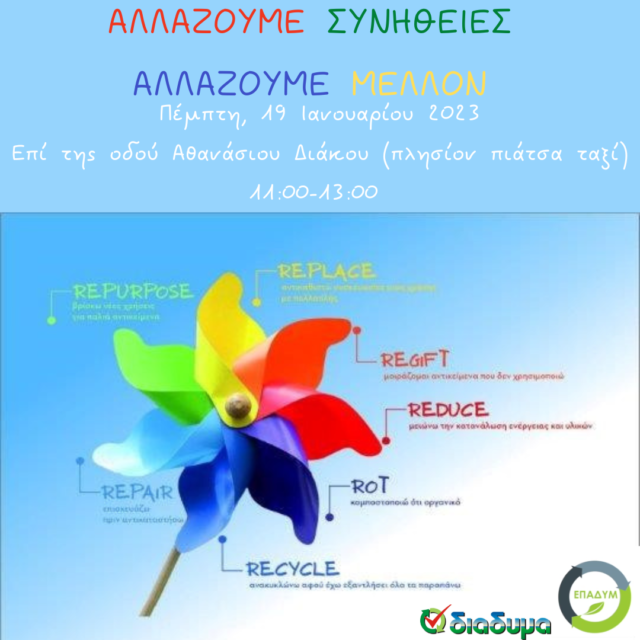 Στον ακόλουθο σύνδεσμο βρείτε χρήσιμες ιδέες πρόληψης και επαναχρησιμοποίησης: https://www.epadym.gr/sustainability?fbclid=PAAaY16_YY17MesZBE2A9KZXP1Mjel9U5t3j4hB2MSs9CtYloojc227IHzaVM
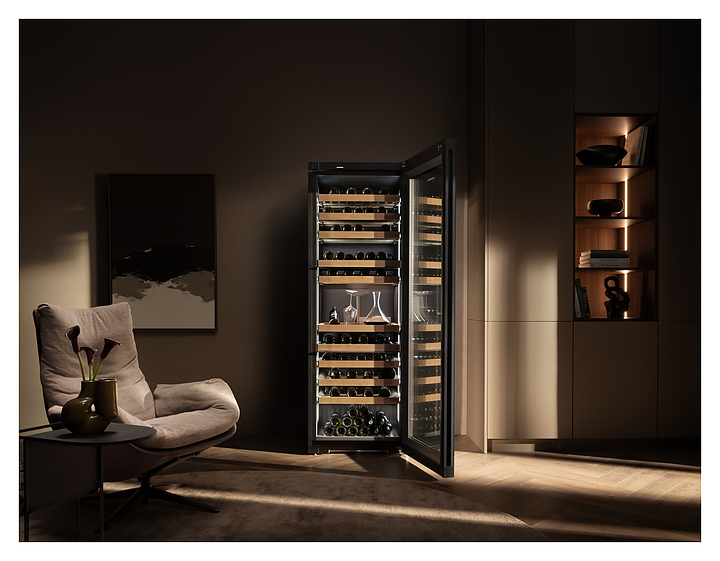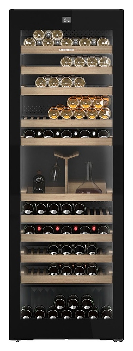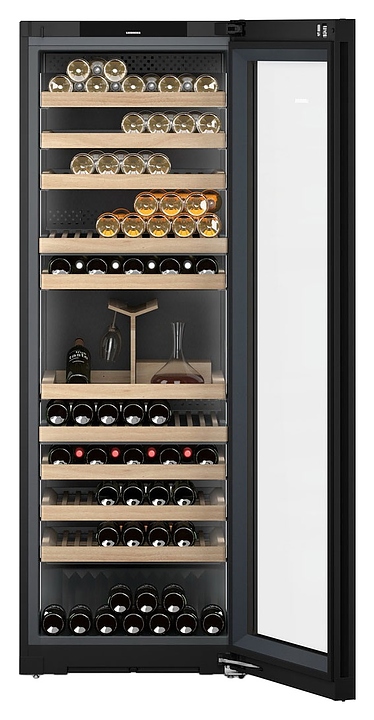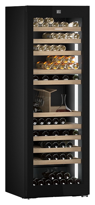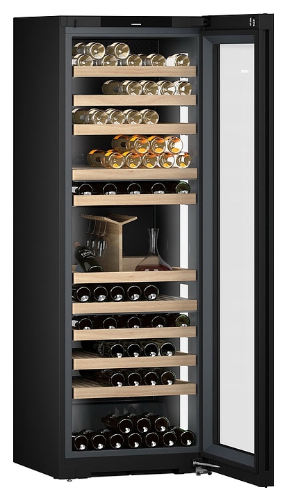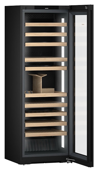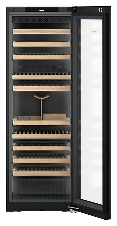 Винный шкаф Liebherr WPgbi 7483 серии Vinidor Selection предназначен для охлаждения и хранения при оптимальных условиях бутилированного вина различных сортов в барах, ресторанах, специализированных магазинах, подсобных складских помещениях, а также домашних условиях. Модель оснащена холодильной камерой с 3 независимыми температурными зонами, правосторонней распашной дверью на перенавешиваемых петлях с обзорным остеклением, кабелем питания с евровилкой, расположенным в верхней части фасада двери сенсорным цветным дисплеем управления и индикации. Боковины и сухая задняя панель выполнены из легированной стали с устойчивой к царапинам и отпечаткам пальцев сатинированной вертикальными штрихами поверхностью BlackSteel оттенка черная сталь, дверь с фасадом GlassBlack с полным фронтальным остеклением без винтового крепежа, полки и доска сомелье – из массива буковой древесины, упаковка – из гофрокартона, полимерной пленки и полистирола.
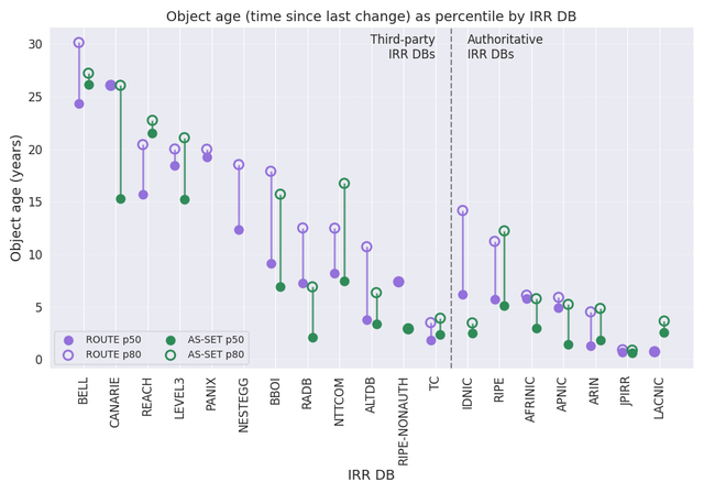 Authoritative IRR DBs, on the other hand, show a consistently younger age profile. Their p50 values cluster around 1–5 years, and even their p80 values often remain below 5–8 years, indicating fewer long-neglected objects (see “Normalized ROUTE object age distribution by category” plot above). The freshest datasets appear in LACNIC and JPNIC, where both medians and upper percentiles are very low, reflecting tightly integrated operational processes and regular updates tied to registry workflows.
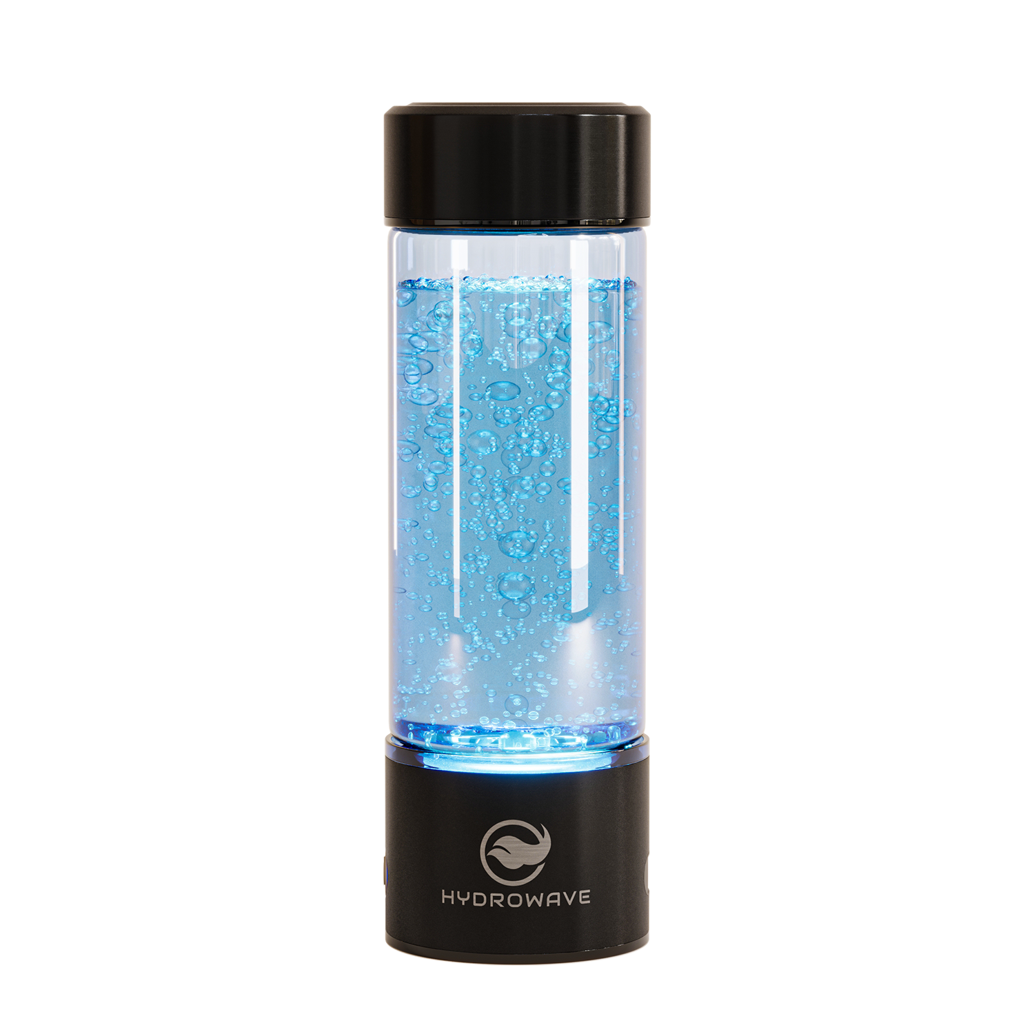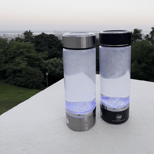Turn on your HydroBottle™ and watch hydrogen bubbles rise in the blue light!
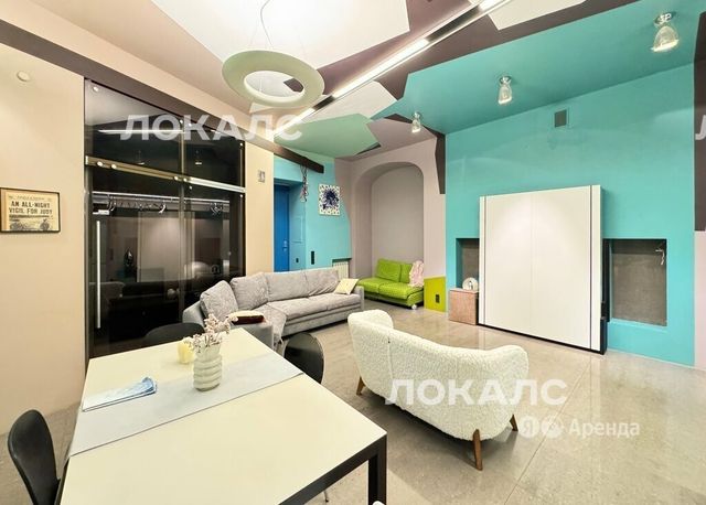 Сдаётся студия площадью 53 кв.м. с дизайнерским ремонтом на 1 этаже в 5-этажном доме на срок от 11 месяцев. Из техники есть:
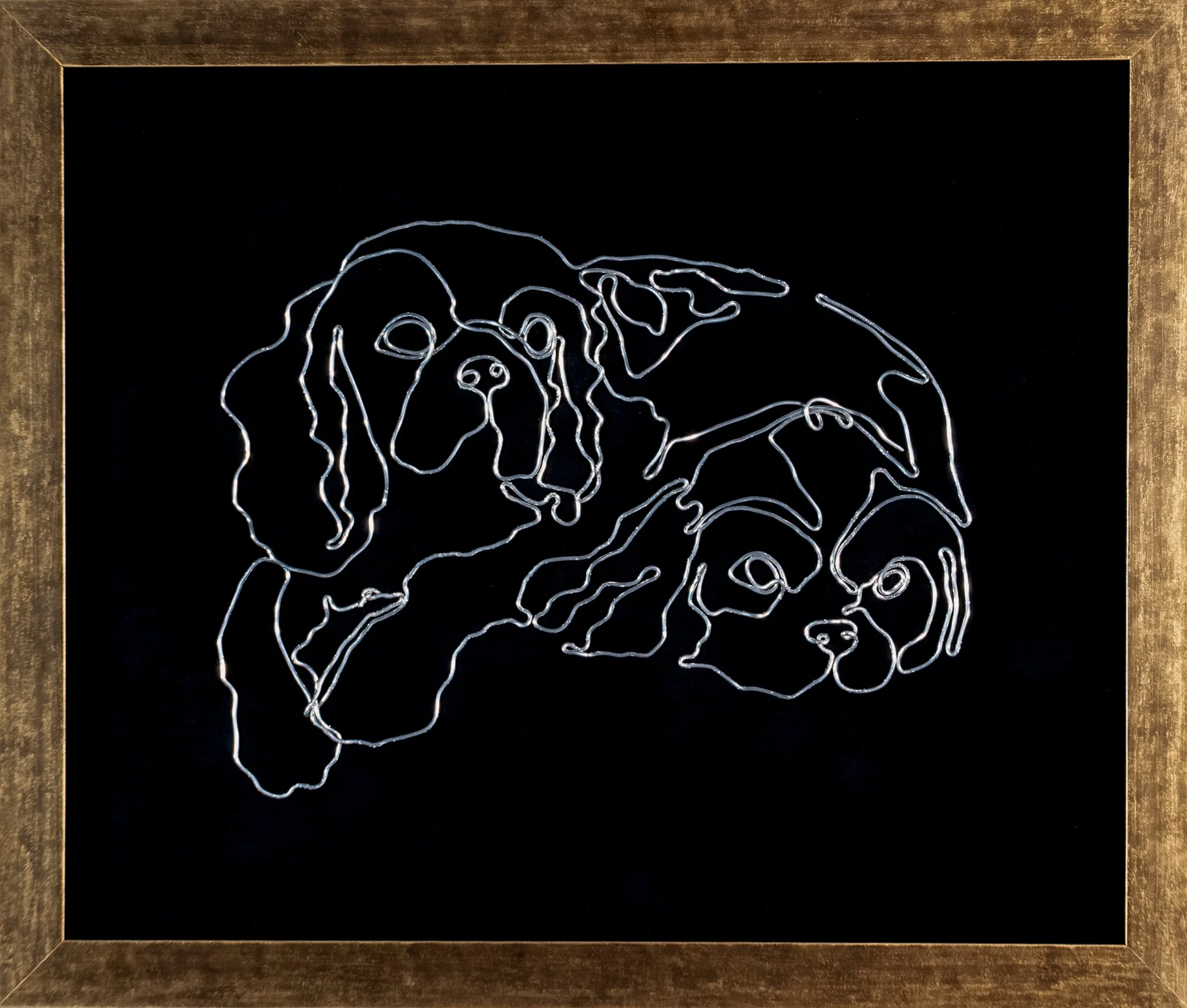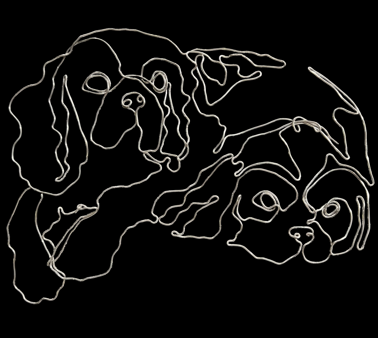 I chose to make this sculpture of my two dogs: Evie and Rose. I also decided to make this sculpture for my mom, whom the dogs love most. Working with wire was definitely more of a challenge than any other medium I have used. The wire often did not want to stay down. To combat this, I used some masking tape to hold down the parts I had finished. I ended up using around twice as much wire as I expected; one thing I would do differently next time would plan out how much wire and the path of my wire more efficiently. I feel like even though this sculpture was more of a challenge at times, it went pretty well. I feel like one thing that went well was that I was really able to capture the liveliness in the dogs' expressions and really capture what they are like in real life.

───

* [THE PROBLEM]:
Each record above, in full: return it exactly, pictures excluded.

* [REPLY]:
 Στον ακόλουθο σύνδεσμο βρείτε χρήσιμες ιδέες πρόληψης και επαναχρησιμοποίησης: https://www.epadym.gr/sustainability?fbclid=PAAaY16_YY17MesZBE2A9KZXP1Mjel9U5t3j4hB2MSs9CtYloojc227IHzaVM
 Винный шкаф Liebherr WPgbi 7483 серии Vinidor Selection предназначен для охлаждения и хранения при оптимальных условиях бутилированного вина различных сортов в барах, ресторанах, специализированных магазинах, подсобных складских помещениях, а также домашних условиях. Модель оснащена холодильной камерой с 3 независимыми температурными зонами, правосторонней распашной дверью на перенавешиваемых петлях с обзорным остеклением, кабелем питания с евровилкой, расположенным в верхней части фасада двери сенсорным цветным дисплеем управления и индикации. Боковины и сухая задняя панель выполнены из легированной стали с устойчивой к царапинам и отпечаткам пальцев сатинированной вертикальными штрихами поверхностью BlackSteel оттенка черная сталь, дверь с фасадом GlassBlack с полным фронтальным остеклением без винтового крепежа, полки и доска сомелье – из массива буковой древесины, упаковка – из гофрокартона, полимерной пленки и полистирола.
 Authoritative IRR DBs, on the other hand, show a consistently younger age profile. Their p50 values cluster around 1–5 years, and even their p80 values often remain below 5–8 years, indicating fewer long-neglected objects (see “Normalized ROUTE object age distribution by category” plot above). The freshest datasets appear in LACNIC and JPNIC, where both medians and upper percentiles are very low, reflecting tightly integrated operational processes and regular updates tied to registry workflows.
Turn on your HydroBottle™ and watch hydrogen bubbles rise in the blue light!
 Сдаётся студия площадью 53 кв.м. с дизайнерским ремонтом на 1 этаже в 5-этажном доме на срок от 11 месяцев. Из техники есть:
 I chose to make this sculpture of my two dogs: Evie and Rose. I also decided to make this sculpture for my mom, whom the dogs love most. Working with wire was definitely more of a challenge than any other medium I have used. The wire often did not want to stay down. To combat this, I used some masking tape to hold down the parts I had finished. I ended up using around twice as much wire as I expected; one thing I would do differently next time would plan out how much wire and the path of my wire more efficiently. I feel like even though this sculpture was more of a challenge at times, it went pretty well. I feel like one thing that went well was that I was really able to capture the liveliness in the dogs' expressions and really capture what they are like in real life.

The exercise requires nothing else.